* **DATA SEGMENT**

== == ==

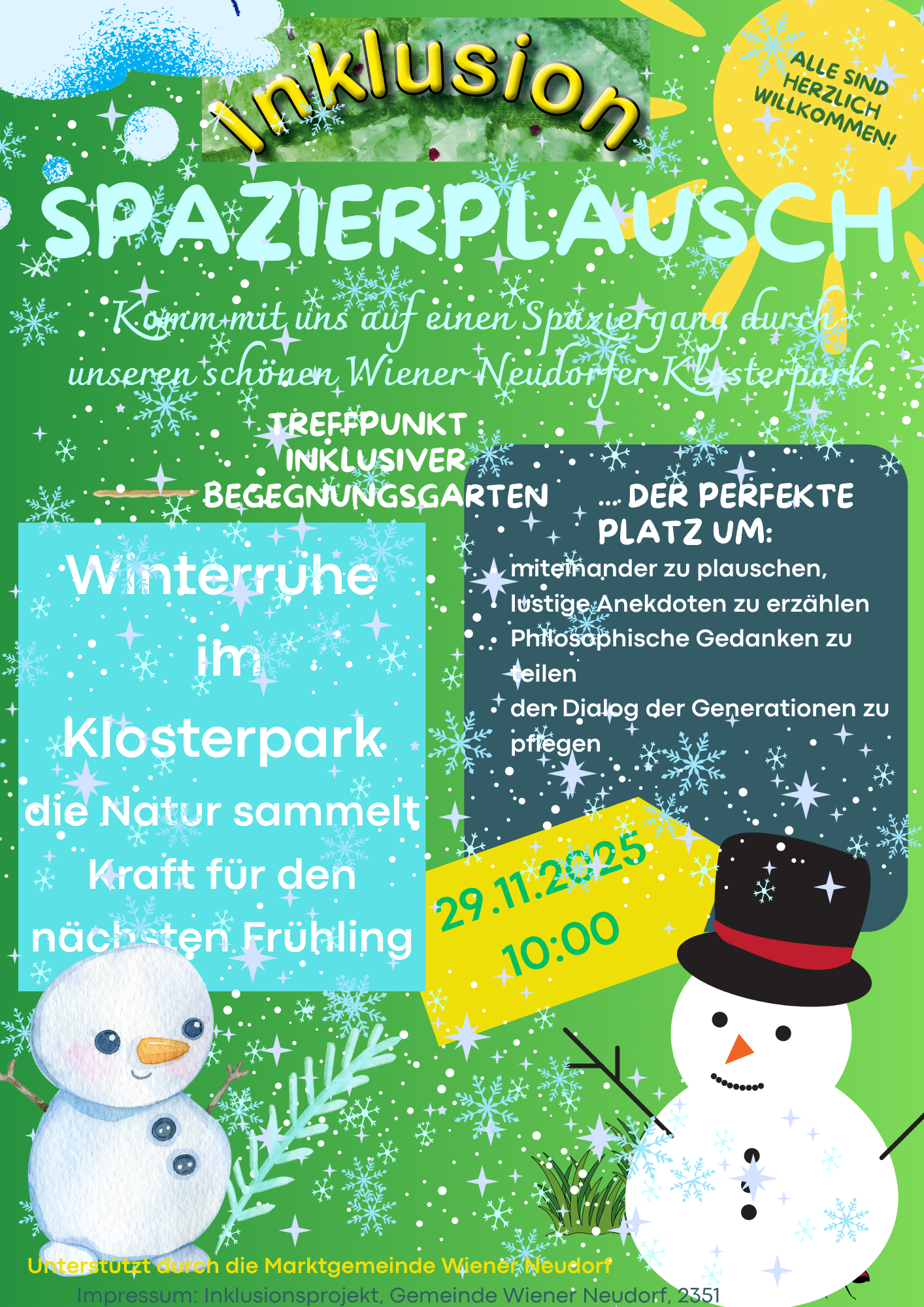 Komm mit uns auf einen Spaziergang durch unseren schönen Wiener Neudorfer Klosterpark. ca. 1,5 Stunden. Treffpunkt: Inklusiver Begegnungsgarten.
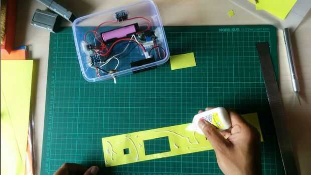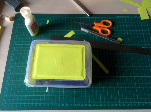 Finalmente pegue una tira rectangular de papel a la parte superior del recinto.
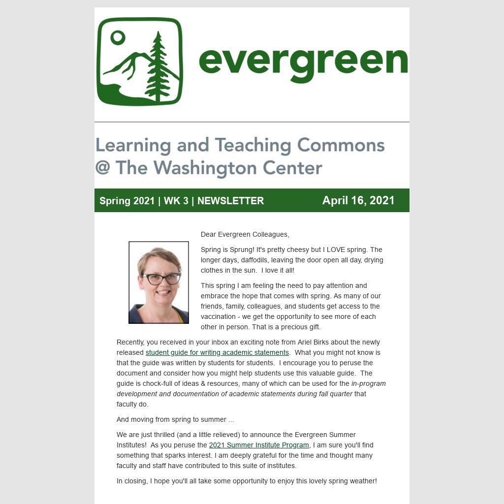 We are just thrilled (and a little relieved) to announce the Evergreen Summer Institutes! As you peruse the 2021 Summer Institute Program, I am sure you'll find something that sparks interest. I am deeply grateful for the time and thought many faculty and staff have contributed to this suite of institutes.
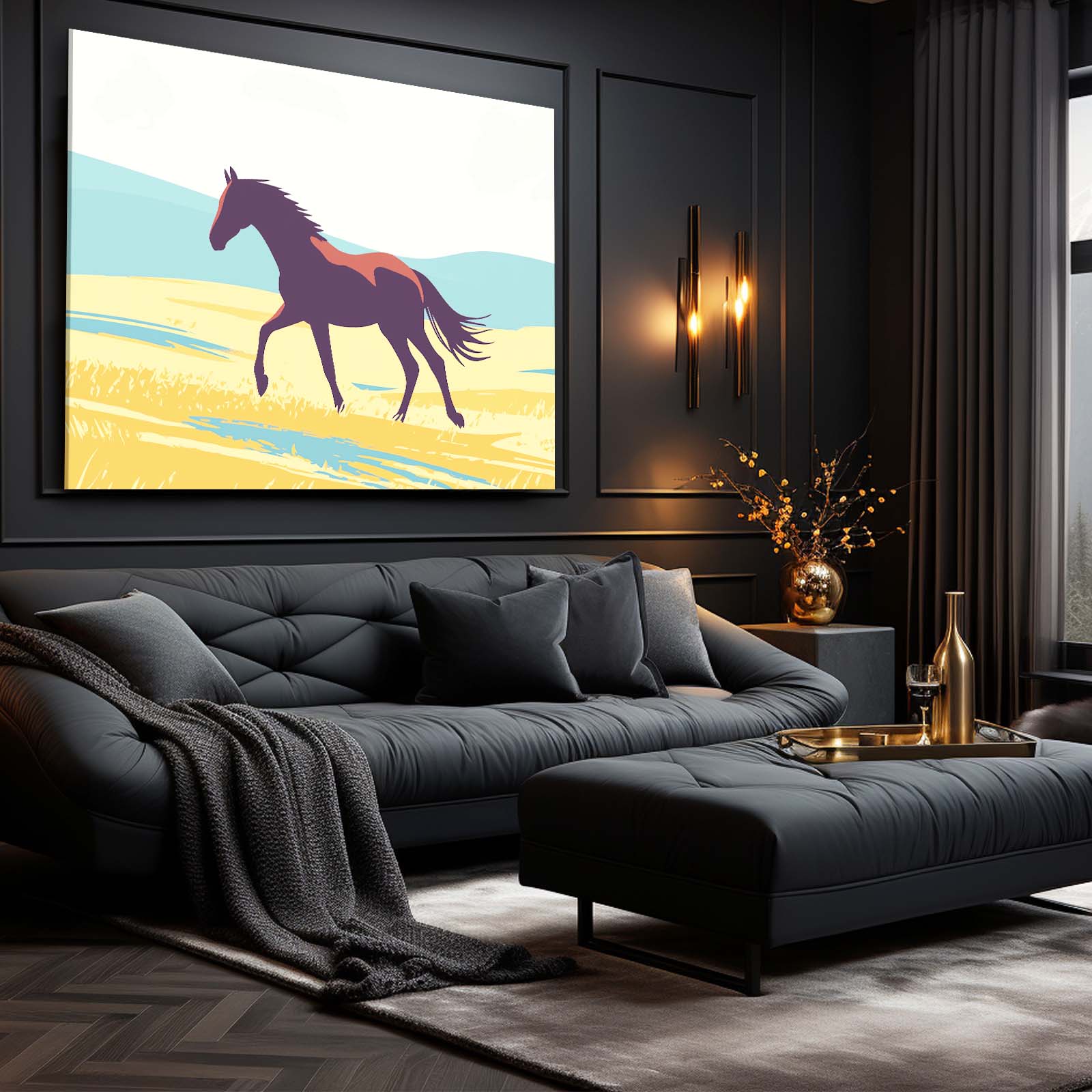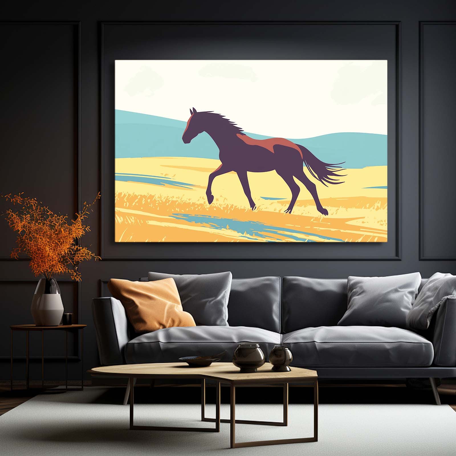 Horse Canvas captures the freedom and elegance of a horse in motion, beautifully portrayed through a striking use of vibrant colors. The bold, minimalist design evokes a sense of energy and grace, making this artwork a perfect addition to any modern space. The rich hues and dynamic composition highlight the horse’s strength and gracefulness.

== == ==

* **WORK REQUEST**
Your copy of the data should match it exactly, apart from the images, which are omitted.

* **WRITTEN ANSWER**
 Komm mit uns auf einen Spaziergang durch unseren schönen Wiener Neudorfer Klosterpark. ca. 1,5 Stunden. Treffpunkt: Inklusiver Begegnungsgarten.
 Finalmente pegue una tira rectangular de papel a la parte superior del recinto.
 We are just thrilled (and a little relieved) to announce the Evergreen Summer Institutes! As you peruse the 2021 Summer Institute Program, I am sure you'll find something that sparks interest. I am deeply grateful for the time and thought many faculty and staff have contributed to this suite of institutes.
 Horse Canvas captures the freedom and elegance of a horse in motion, beautifully portrayed through a striking use of vibrant colors. The bold, minimalist design evokes a sense of energy and grace, making this artwork a perfect addition to any modern space. The rich hues and dynamic composition highlight the horse’s strength and gracefulness.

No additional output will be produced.